Dominic frowned. “Only is putting it strongly,” said Dominic. “Welexi told me to come down, and that made me realize that I had been neglecting you.”
“It’s not in your instinct to be my friend,” said Gaelwyn. He held out a hand. “Let me touch you.”
Dominic didn’t move.
“You see?” asked Gaelwyn. “You fear me, the same as everyone else.”
“You’re drunk,” said Dominic. “I can return when you’re in a better state of mind.”
“I’m tipsy,” said Gaelwyn. “Enough to lubricate the truth, the better that I can disgorge it.”
“I apologize,” said Dominic.
“Do you know, if you had told me that you and Kendrick were in cahoots, I might have been able to avoid the whole thing. I would have known to look for the signs of a faked injury. I would have been able to pull myself away from him the moment after I’d touched him. I could have kept my composure. I thought I’d killed him on accident, that’s easy enough to do, but if only I’d been informed. If only, Dominic. But you didn’t trust me with your plots.”

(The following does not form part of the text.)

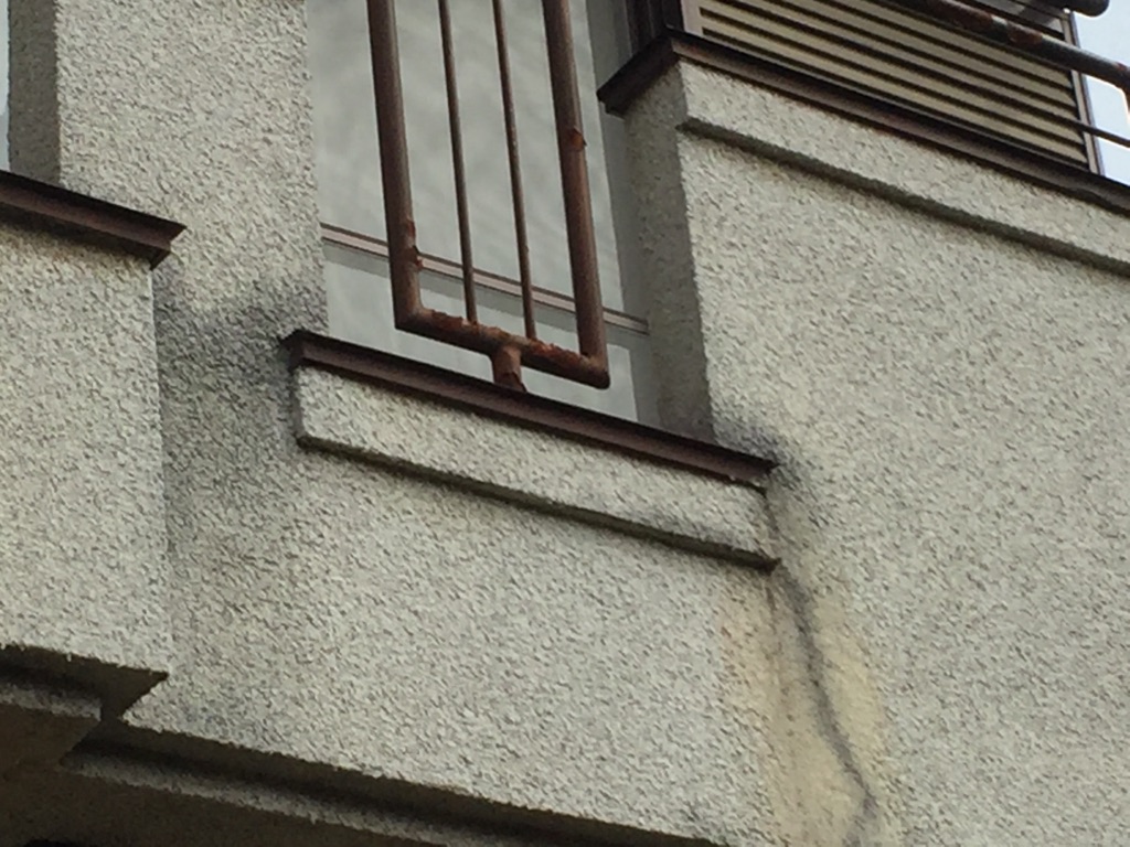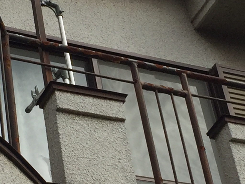 ベランダ防水部の膨れ。鉄骨の劣化による上塗り塗装及さび止め塗装の剥離。
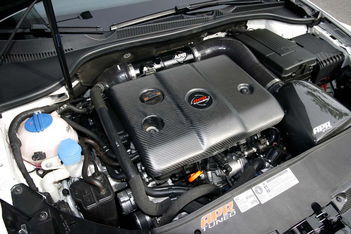 而優異的引擎體質也讓Golf R VI首度捨棄傳統V6自然進氣改為2.0升渦輪增壓引擎,不過這具引擎內部機件如活塞、曲軸、噴油嘴、高壓噴油泵浦等周邊都有進行強化,渦輪機則是從GTI的K03換成與S3相同的K04,並加大進氣冷卻器,最後增壓值再提升至1.2bar的水準,一舉將動力提高到270hp/35.71kgm的水準。不過為了打造出性能更為強悍的Golf R,APR透過Stage 3.套件,包含GT 2871渦輪、R專用Downpipe、加厚進氣冷卻器,高壓泵浦、加大噴油嘴、鑄造渦輪頭段、專用進氣系統、周邊管路等,搭配ECU程式讓最大馬力達到400hp。

“I’ll make it up to you,” said Dominic, though he had no idea how he would do that.
“Go away,” said Gaelwyn. “We’ll talk later. Welexi has been yearning to broker a peace. Perhaps he’ll have time to try making one between you and I. In the meantime, I have wines to drink.”
Dominic left, with a glance towards the stony-faced guards who were pretending they’d heard nothing. This was an unplanned story, one that he hoped would go no further than Grayhull, but he wasn’t terribly optimistic. Dominic tried to imagine how the conversation would have sounded to an outsider. He decided that it didn’t paint either of them in a terribly favorable light.
The negotiations between the Council and the royalty eventually happened just outside the city. There was an estate owned by a noble who was in the unique position of having a father who came from House Walton (making him of the same approximate lineage as the queen) and a mother who had come from a long line of dockworkers. He was generally disinterested in politics, only a minor illustrati, and rarely seen around Grayhull, even though he was welcome there. His estate, inherited from his late father, was one of the few places that had the proper symbolic meaning for both parties and didn’t give either a great advantage.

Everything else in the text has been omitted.